To maintain the control-flow integrity of today’s machines, code pointers must be protected. Exploits forge and manipulate code pointers to execute arbitrary, malicious code on a host machine. A corrupted code pointer can effectively redirect program execution to attacker-injected code or existing code gadgets, giving attackers the necessary foothold to circumvent system protections. To combat this class of exploits, we employ a Displaced and Dilated Address Space (DDAS), which uses a novel address space inflation mechanism to obfuscate code pointers, code locations, and the relative distance between code objects. By leveraging runtime re-randomization and custom hardware, we are able to achieve a high-entropy control-flow defense with performance overheads well below 5% and similarly low power and silicon area overheads.
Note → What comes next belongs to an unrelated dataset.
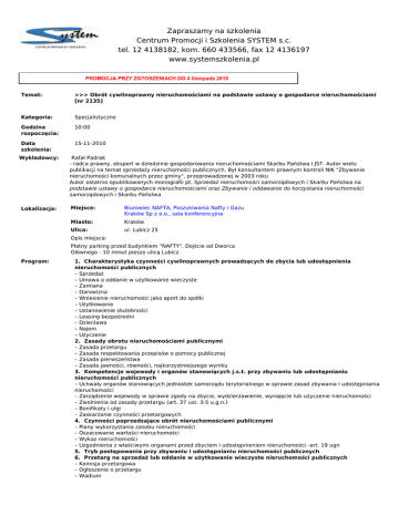 Zapraszamy na szkolenia Centrum Promocji i Szkolenia SYSTEM s.c. tel. 12 4138182, kom. 660 433566, fax 12 4136197 www.systemszkolenia.pl PROMOCJA PRZY ZG?OSZENIACH DO 4 listopada 2010 Temat: >>> Obrót cywilnoprawny nieruchomościami na podstawie ustawy o gospodarce nieruchomościami [nr 2135] Kategoria: Specjalistyczne Godzina rozpoczęcia: 10:00 Data szkolenia: 15-11-2010 Wykładowcy: Lokalizacja: Rafał RafałPadrak Padrak - -radca radcaprawny, prawny,ekspert ekspertwwdziedzinie dziedziniegospodarowania gospodarowanianieruchomościami nieruchomościamiSkarbu SkarbuPaństwa Państwai iJST. JST.Autor Autorwielu wielu publikacji publikacjina natemat tematsprzedaży sprzedażynieruchomości nieruchomościpublicznych. publicznych.Był Byłkonsultantem konsultantemprawnym prawnymkontroli kontroliNIK NIK"Zbywanie "Zbywanie nieruchomości nieruchomościkomunalnych komunalnychprzez przezgminy", gminy",przeprowadzonej przeprowadzonejww2003 2003roku roku Autor Autorostatnio ostatnioopublikowanych opublikowanychmonografii monografiipt. pt.Sprzedaż Sprzedażnieruchomości nieruchomościsamorządowych samorządowychi iSkarbu SkarbuPaństwa Państwana na podstawie podstawieustawy ustawyoogospodarce gospodarcenieruchomościami nieruchomościamioraz orazZbywanie Zbywaniei ioddawanie oddawaniedo dokorzystania korzystanianieruchomości nieruchomości samorządowych samorządowychi iSkarbu SkarbuPaństwa Państwa Miejsce: Miejsce: Biurowiec NAFTA, Poszukiwania Nafty i Gazu Biurowiec NAFTA, Poszukiwania Nafty i Gazu Kraków SpSp z o.o., sala konferencyjna Kraków z o.o., sala konferencyjna Miasto: Miasto: Ulica: Ulica: Kraków Kraków ul.ul. Lubicz 2525 Lubicz Opis miejsca: Opis miejsca: Płatny parking przed budynkiem "NAFTY". Dojście odod Dworca Płatny parking przed budynkiem "NAFTY". Dojście Dworca Głównego - 10 minut pieszo ulicą Lubicz. Głównego - 10 minut pieszo ulicą Lubicz. Program: 1. Charakterystyka czynności cywilnoprawnych prowadzących do zbycia lub udostępnienia nieruchomości publicznych – Sprzedaż – Umowa o oddanie w użytkowanie wieczyste – Zamiana – Darowizna – Wniesienie nieruchomości jako aport do spółki – Użytkowanie – Ustanowienie służebności – Leasing bezpośredni – Dzierżawa – Najem – Użyczenie 2. Zasady obrotu nieruchomościami publicznymi – Zasada przetargu – Zasada respektowania przepisów o pomocy publicznej – Zasada pierwszeństwa – Zasada jawności, równości, najkorzystniejszego wyniku 3. Kompetencje wojewody i organów stanowiących j.s.t. przy zbywaniu lub udostępnianiu nieruchomości publicznych – Uchwały organów stanowiących jednostek samorządu terytorialnego w sprawie zasad zbywania i udostępniania nieruchomości – Zarządzenie wojewody w sprawie zgody na zbycie, wydzierżawienie, wynajęcie lub użyczenie nieruchomości – Zwolnienia od zasady przetargu (art. 37 ust. 3-5 u.g.n.) – Bonifikaty i ulgi – Zaskarżanie czynności przetargowych 4. Czynności poprzedzające obrót nieruchomościami publicznymi – Plany wykorzystania zasobu nieruchomości – Oszacowanie wartości nieruchomości – Wykaz nieruchomości – Uzgodnienia z właściwymi organami przed zbyciem i udostępnieniem nieruchomości -art. 19 ugn 5. Tryb postępowania przy zbywaniu i udostępnianiu nieruchomości publicznych 6. Przetarg na sprzedaż lub oddanie w użytkowanie wieczyste nieruchomości publicznych – Komisja przetargowa – Ogłoszenie o przetargu – Wadium – Oferta i oferenci – Przebieg przetargu pisemnego nieograniczonego – Przebieg przetargu ustnego nieograniczonego – Przetarg ograniczony (art. 40 ust. 2a u.g.n.) – Przetarg zakończony wynikiem negatywnym – Zawiadomienie oferentów o wyniku przetargu – Zaskarżanie czynności przetargowych – Protokół z przeprowadzonego przetargu – Informowanie o wyniku przetargu 7. Bezprzetargowe zbywanie nieruchomości publicznych – Pierwszeństwo nabycia nieruchomości publicznej – Zbycie w drodze zamiany lub darowizny (art. 37 ust. 2 pkt 4 u.g.n.) – Sprzedaż nieruchomości na polepszenie warunków zagospodarowania (art. 37 ust. 2 pkt 6 u.g.n.) – Wniesienie nieruchomości jako wkładu niepieniężny (aport) do spółki albo wyposażenie nowo tworzonej państwowej lub samorządowej osoby prawnej, lub majątek tworzonej fundacji (art. 37 ust. 2 pkt 7 u.g.n.) – Sprzedaż udziału w nieruchomości na rzecz współwłaścicieli (art. 37 ust. 2 pkt 9 u.g.n.) – Sprzedaż nieruchomości na rzecz kościołów i związków wyznaniowych (art. 37 ust. 2 pkt 10 u.g.n.) – Protokół z rokowań prowadzonych na podstawie art. 37 ust. 2 i 3 ustawy – Zawiadamianie o wyniku rokowań prowadzonych na podstawie art. 37 ust. 2 i 3 ustawy 8. Rokowania po drugim przetargu na sprzedaż lub oddanie w użytkowanie wieczyste nieruchomości publicznych (art. 39 ust. 2 u.g.n.) – Ogłoszenie o rokowaniach – Zgłoszenie do rokowań – Przebieg rokowań – Protokół z rokowań po drugim przetargu – Informowanie o wyniku rokowań po drugim przetargu – Zaskarżanie wyników rokowań po drugim przetargu 9. Tryb postępowania przy oddawaniu do korzystania nieruchomości publicznych – Uwagi ogólne – Procedura przetargowa – Negocjacje o nabycie prawa – Tryb ofertowy. Metodologia: Wykład z wykorzystaniem technik audiowizualnych oraz autorskich materiałów szkoleniowych, analiza przypadków, dyskusja Certyfikaty: tak Cena: Cena zawiera: Warunki uczestnictwa: CENA DATA REJESTRACJI 290.00 netto zł./osobę (356.70 zł. brutto) do: 04-11-2010 330.00 netto zł./osobę (405.90 zł. brutto) od: 05-11-2010 RABAT 40.00 zł./osobę materiały szkoleniowe, poczęstunek w przerwie kawowej, lunch, imienne zaświadczenie uczestnictwa Zgłoszenia uczestnictwa można dokonać przez: - formularz elektroniczny na dole tej strony (zalecane) - lub telefonicznie (012) 413-81-82 - lub pisemnie, faksem (012) 413-61-97 - lub przez e-mail: [email protected] • Ogólna „Karta zgłoszenia 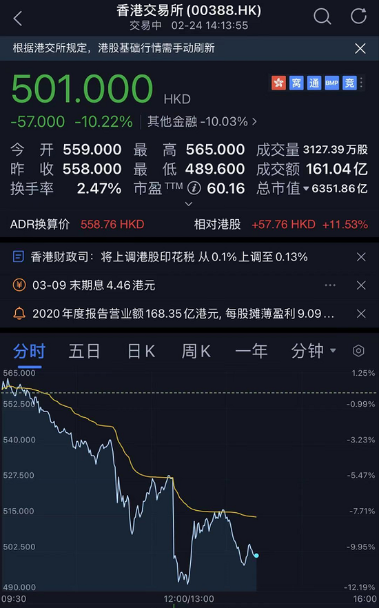 港交所:对政府提高股票交易印花税的决定表示失望

With DDAS in force, attackers come up against 63 bits of entropy when forging absolute addresses and 18 to 55 bits of entropy for relative addresses, depending on the distance to the desired code gadget. Moreover, an incorrectly forged code address will result in a security exception with a probability greater than 99.996%. Using hardware-based address obfuscation, we provide significantly higher entropy at lower performance overheads than previous software techniques, and our re-randomization mechanism offers additional protections against possible pointer disclosures.